Got EBITDA?
Well regardless, if you are in operator in the Cannabis sector in 2025, it almost assuredly matters not…
Let’s all agree that 2024 will go down as one of the worst years in the history of the cannabis industry and spend not a minute more reflecting on it or its’ multiple failures and shortcomings. By the same token, let us collectively agree to stop gazing forward and convincing ourselves that Washington D.C. will deliver some panacea by way of re-scheduling, de-scheduling, safe banking or otherwise that will cure the industry of all its’ ills. As operators and/or investors in the sector, let us instead deal with the present circumstances and agree what we should expect from the industry’s top performing businesses.
From my perspective, the sole and exclusive focus of managers in the sector should be the maximization of “after-tax cash earnings”. For a host of reasons that I am happy to debate with anyone offline (as it requires a longer conversation), earnings before interest, taxes, depreciation and amortization, or “EBITDA,” and worse, its delinquent little brother, “Adjusted EBITDA,” are not useful metrics in the cannabis sector at this point in time. A cursory perusal of the financial statements of the industry’s publicly traded companies makes it painfully obvious how little EBITDA, adjusted or otherwise, converts into cash flow available for investors, either by way of principal payments on debt or dividends to equity holders.

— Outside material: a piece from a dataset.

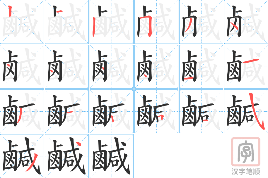部首:鹵部 部外笔画: 9画 总笔画:20画 康熙字典:鹹(20画)

Of course, it is true that companies across the industry have used different financing sources to build out their businesses, and these capital structure choices do affect after-tax cash earnings. By way of a simple example, assume three companies identical in every material respect but Company A started with a $30mm equity investment, Company B started with a $30mm debt investment and Company C started with a $30mm leased operation (e.g., sale leaseback). In this simplified case, Company A will have higher after-tax cash earnings as compared to Companies B or C, as A’s earnings would not be burdened by either interest or rent payments.
But how we got here no longer matters. Company A that was financed with all equity is indeed more financially sound and consequently more valuable than the other two, period, full stop. Company A may not have been the best steward of capital, and its investors may be disappointed with the “return on capital” they receive relative to their initial expectations, but that is neither here nor there. In this world, one in which literally only the strongest will survive, I personally would only bet on those businesses with the most after-tax cash earnings compared to their competitors.
The industry is maturing and our expectations of it need to evolve as well. Can the U.S. Cannabis market still even be considered a high growth industry? The answer is probably NO in regard to “state-legal” cannabis. For the near future, growth in state-legal cannabis will come almost exclusively from new medical markets (e.g., Nebraska) and markets transitioning to adult-use (e.g., Ohio). These revenue gains will be largely offset by revenue declines in mature markets (e.g., all legal markets west of the Mississippi) driven by price compression and unfair competition from “Farm Bill Weed.” Therefore, we can not simply grow our way out of this mess, we need to earn our way out of it. Marginal players need to face facts, take their losses, and fold up shop. The strongest players need to consolidate their markets, stop whining about “Farm Bill Weed” and focus on how to broaden their customer base and increase the share of their customers’ wallets... think new product offerings focused less on THC content per dollar spent and more on customer utility per dollar spent...
The good news is the industry should have relief from 280E this year which would materially increase after-tax cash earnings for nearly every industry participant. Moreover, even without a legislative fix such as SAFE Banking, the cost of capital in the industry will continue to decline as markets mature and “perceived” risk improves as a consequence. But none among us should rest on our laurels. Live in the present and be the best you can be as measured against the only score that really matters – after-tax cash earnings.